Re: [Gluster-users] quota problem on large cluster

2016-09-08 Thread Mohammed Rafi K C


On 09/07/2016 04:18 PM, Fedele Stabile wrote:
> Hello,
> I have a gluster volume made of 64 bricks: 
> volume type is distribute  and transport is rdma
> I have distributed bricks in a cluster of 32 server with 2 bricks each.
> This volume is mounted on all the 32 servers and also on another server
> connected to the cluster.

Great. How long have you been using this configuration, and how rdma
performance stands ?


> Now I want to implement quota on this gluster volume:
> all seems ok and I can define quota-limits and make tests but when I
> mount the volume on the 33 server the mount operation hangs and also
> volume is not accessible on all servers.
> All servers are Centos 6.6 and gluster 3.7.8
> Can you help me to understand what is wrong?
Can you give me the mount logs from client (default logs :
/var/log/glusterfs/mount-point-direcoty-name.log) and quotad, bricks logs.

Regards
Rafi KC


>
> Fedele Stabile
>  
>
> ___
> Gluster-users mailing list
> Gluster-users@gluster.org
> http://www.gluster.org/mailman/listinfo/gluster-users

___
Gluster-users mailing list
Gluster-users@gluster.org
http://www.gluster.org/mailman/listinfo/gluster-users


Re: [Gluster-users] Tiering and sharding for VM workload

2016-09-06 Thread Mohammed Rafi K C
Yes, you are correct.
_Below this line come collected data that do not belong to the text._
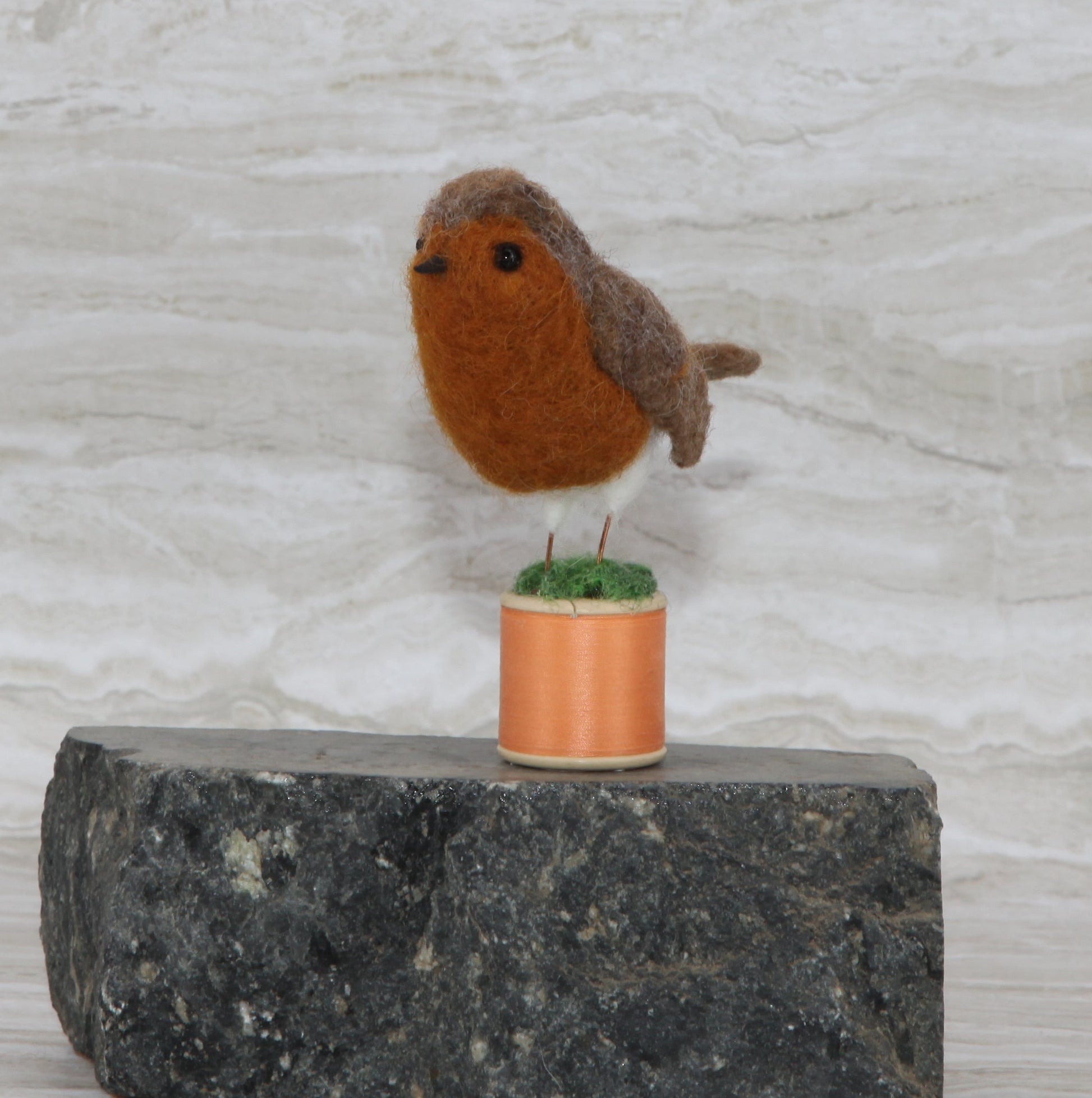 Felted robin attached on bobbin Robin, a beautiful, felted sculpture crafted from premium bergscaf, corriedale, and merino wool. This captivating piece features authentic details including a handcrafted clay beak, glass eyes, and wire legs.
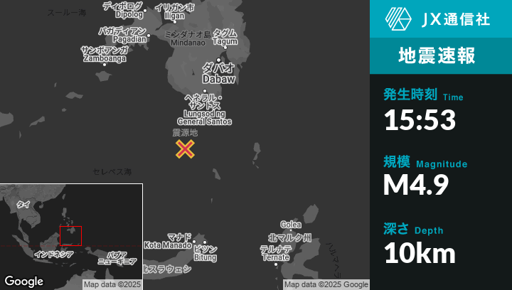 | 震源地 | フィリピンのSaranganiから南西145kmの地点 |
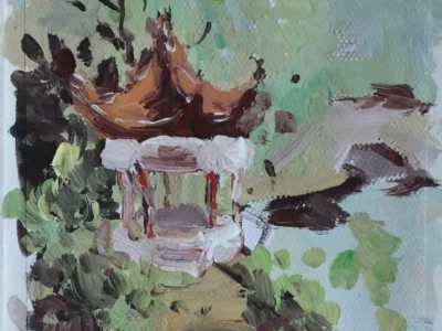 北宋山水画中的“亭子”一般都藏得比较深远隐蔽。如北宋郭熙的《早春图》,在图中可以隐约看到“亭子”,亭子藏于两树之间的后方,小小的,若隐若现。亭子的整体形象比较模糊,亭子画的小,可能是画家本意就想把亭子表现得若隐若现,似有若无。亭子的笔画稍显圆润,但细看,并不是圆亭,而是个四方亭。亭内好像还有两只石凳,是供游人休闲娱乐的。从北宋《溪山图》可以看到亭子藏于繁密的树丛后,画的非常小,若隐若现。亭子画的又远又不清晰,画家可能是以此来点缀,由此会显得房屋的深远,不至于给人一种戛然而止的感觉。依稀可见亭子的四根柱子中的三根,还有个三角形的屋顶,或许画家就是这么简单的勾
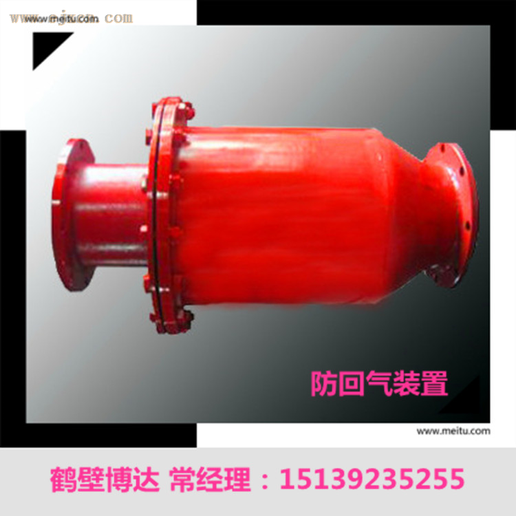 三、安装:防回水防回气装置按照气体流向,在吸气管路中,安装在排渣器后面,防回火装置前面,在排气管路中,该装置安装在三防装置的末位,是后一道三防装置。安装防回水防回气装置时切记止回挡板一定要竖直向下,使其在无外力作用下能够依靠自重将管口紧密盖住,排水阀门应该在装置的下方,如果条件允许,在排水阀门下接一个排水管路,将排出的水引入排水池中。

On a sharded volume, the hot and cold would be
based on sharded chunks.

I'm stressing the point which Krutika mentioned in her mail that we
haven't tested the use case in depth.


Regards
Rafi KC

On 09/06/2016 06:38 PM, Krutika Dhananjay wrote:
> Theoretically whatever you said is correct (at least from shard's
> perspective).
> Adding Rafi who's worked on tiering to know if he thinks otherwise.
>
> It must be mentioned that sharding + tiering hasn't been tested as
> such till now by us at least.
>
> Did you try it? If so, what was your experience?
>
> -Krutika 
>
> On Tue, Sep 6, 2016 at 5:59 PM, Gandalf Corvotempesta
>  > wrote:
>
> Anybody?
>
>
> Il 05 set 2016 22:19, "Gandalf Corvotempesta"
>  > ha scritto:
>
> Is tiering with sharding usefull with VM workload?
> Let's assume a storage with tiering and sharding enabled, used for
> hosting VM images.
> Each shard is subject to tiering, thus the most frequent part
> of the
> VM would be cached on the SSD, allowing better performance.
>
> Is this correct?
>
> To put it simple, very simple, let's assume a webserver VM,
> with the
> following directory structure:
>
> /home/user1/public_html
> /home/user2/public_html
>
> both are stored on 2 different shards (i'm semplyfing).
> /home/user1/public_html has much more visits than user2.
>
> Would that shard cached on hot tier allowing faster access by
> the webserver?
>
>
> ___
> Gluster-users mailing list
> Gluster-users@gluster.org 
> http://www.gluster.org/mailman/listinfo/gluster-users
> 
>
>

___
Gluster-users mailing list
Gluster-users@gluster.org
http://www.gluster.org/mailman/listinfo/gluster-users

Re: [Gluster-users] Fwd: Very slow performance when enabling tierd storage with SSD

2016-09-03 Thread Mohammed Rafi K C


On 09/03/2016 09:34 PM, Benjamin Kingston wrote:
> Hello Rafi,
>
> Thanks for the reply please see my answers below
>
> On Sat, Sep 3, 2016 at 12:07 AM, Mohammed Rafi K C
> <rkavu...@redhat.com <mailto:rkavu...@redhat.com>> wrote:
>
> Hi Benjamin,
>
>
> Can you tell us more about your work-load like the file size
>
> Files are a range from 10GB test file generated from /dev/urandom,
> many 100MB folder separated files to smaller images and text files
> This is a lab so typically there is no load, in the case of my testing
> this issue the only file being accessed was the 10GB test file. 
>
> , size of both hot and cold storage
>
> Hot storage is a 315GB portion of a 512GB SSD
> Cold storage is a replica made up of 3 bricks on two nodes. totaling 17TB
>
> how the files are created (after attaching the tier or before
> attaching the tier)
>
> I've experienced performance issues with files created before hot
> attachment, 10GB test file, and copying files to the volume after
> attachment (100MB files)

Files created before attaching hot tier will be present on hot brick
until it gets heated and migrated completely. During this time interval
we won't get the benefit of hot storage since the files are served from
cold brick.


For smallfiles (order of kbs), We are experiencing some performance
issue mostly with  EC (disperse ) volume.

Follow up questions,
What is the volume type ? and version of glusterfs ?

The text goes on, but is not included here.